The more compelling finding with regard to physical functioning scores in this sample is the magnitude of deviations from national norms for specific age groups. Significant deviations from norms were observed among relatively young adults—those in the third decade of life. Forty-eight percent of our study participants were older than 40 years, and they reported levels of functioning comparable to the elderly in the general population. The mean score for the sample as a whole resembles scores reported anecdotally in other studies of adults with severe mental illness (
34,
36,
37). The mean score is also comparable or slightly better than normative scores for persons with diagnoses of chronic medical illnesses that are prevalent among persons with severe mental illness, including hypertension and type II diabetes (
33). However, these norms are based on chronically ill people who were considerably older than our sample, as indicated by mean ages and the proportion older than 55.
The cross-sectional self-reported nature of these data precludes any conclusions about accelerated physical decline in the population represented by the study participants. Conditions that influenced the health of 35-year-olds in this sample may not be the same factors that produce physical limitations among persons over age 50. Nevertheless, the limitations observed at early ages and the consistent trend for each successive age group suggest decline.

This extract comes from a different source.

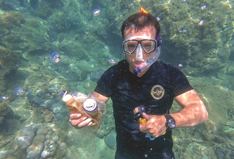 Ses amis sur Facebook sont habitués aux photos de Trung Dào (son pseudo Facebook) apparaissant à côté d’un bateau plein d’ordures. Tantôt c’est un filet géant, tantôt c’est un sac contenant des centaines de canettes et de bouteilles en plastique, ou encore un fût en métal. Ce genre de déchets, il les ramasse tous dans les récifs coralliens à Dà Nang, Hôi An, Nha Trang (Centre)... Il lui arrive aussi de plonger avec un assistant.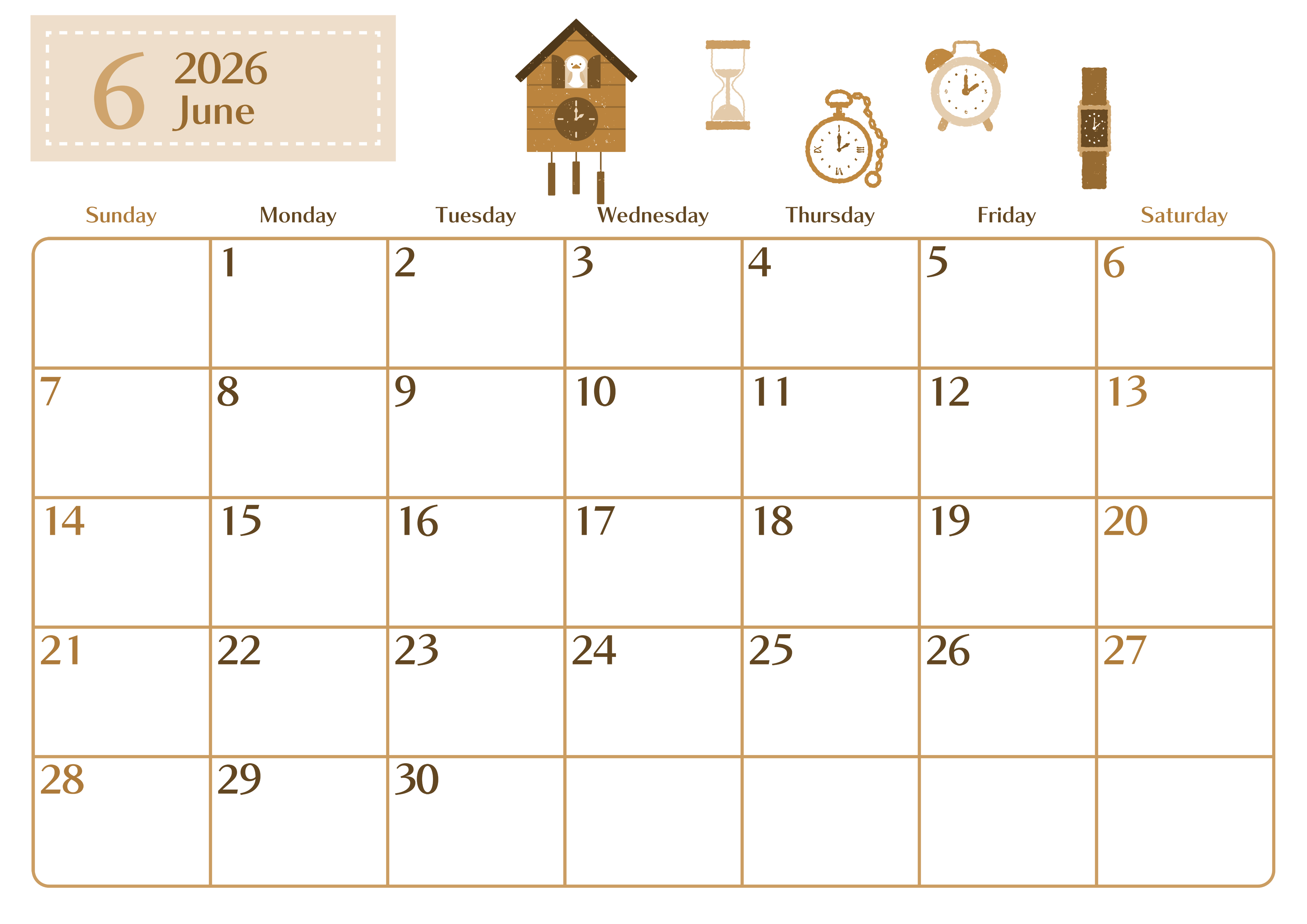 2026年6月横型レトロな日曜始まりの無料テンプレートセピア調カレンダーです。いろいろな形状の時計のイラストがちりばめられていてスタイリッシュでおしゃれなイラストのセピア調カレンダーが毎日を丁寧な生活に招き入れてくれます。(2026-00730600)

Although it is imprecise, we came informally to refer to this phenomenon as "premature aging."
This study had other important limitations. Persons who agree to participate in a clinical trial may differ from other persons with mental illness. Diagnoses were abstracted from clinical charts, and their validity is unknown. Normative data lacked information on sociodemographic factors that often accompany mental disorders. The relatively small contribution of diagnostic factors to the final regression model suggests that these social and behavioral variables may be more important than mental disorders themselves. Further longitudinal studies can elucidate whether mental illness plays a causal role, in the presence of sociodemographic factors, on declines in physical functioning.

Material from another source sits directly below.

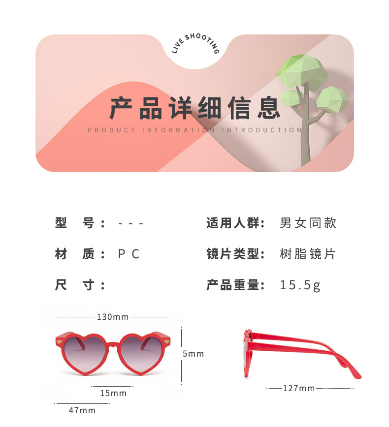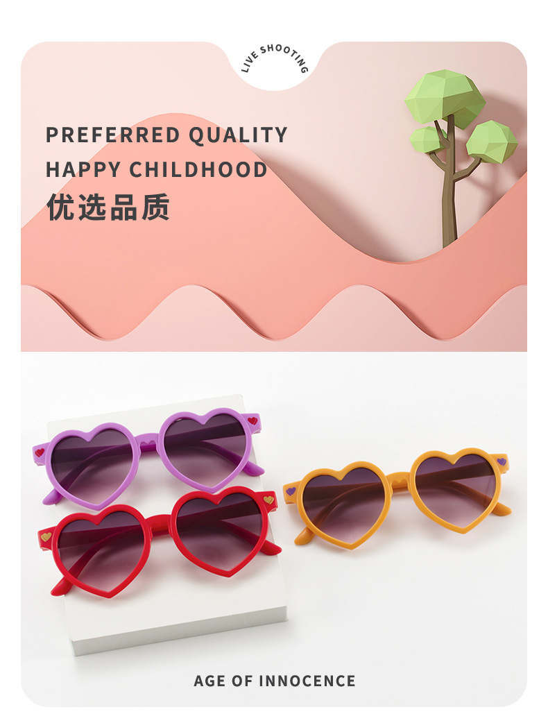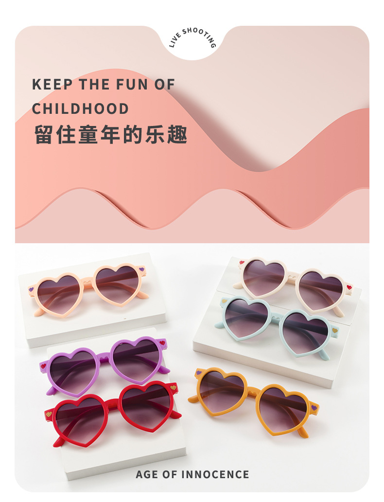 국경 간 사랑 어린이 선글라스 패션 캔디 컬러 하트 모양의 어린이 파티 안경 새로운 어린이 선글라스 도매스토어 가기

Even given these limitations, our findings raise the question of where to set the threshold for receipt of services usually reserved for older adults, including home visits and other supports for personal and medical care. Our findings also underscore the need for early intervention to address the formidable health risks that contribute to poor physical functioning in this population. An extensive body of research in psychiatric rehabilitation demonstrates that adults with severe mental disorders can be actively engaged in their own psychiatric care. Mueser and colleagues (
51) noted that 40 randomized clinical trials have established the value of behavioral, educational, and cognitive-behavioral interventions for selfmanagement of severe psychiatric illness. These models may have comparable value for medical risk reduction, as indicated by recent studies of smoking cessation (
52) and weight control (
53). At this juncture, it appears critical to integrate these approaches into community mental health programs.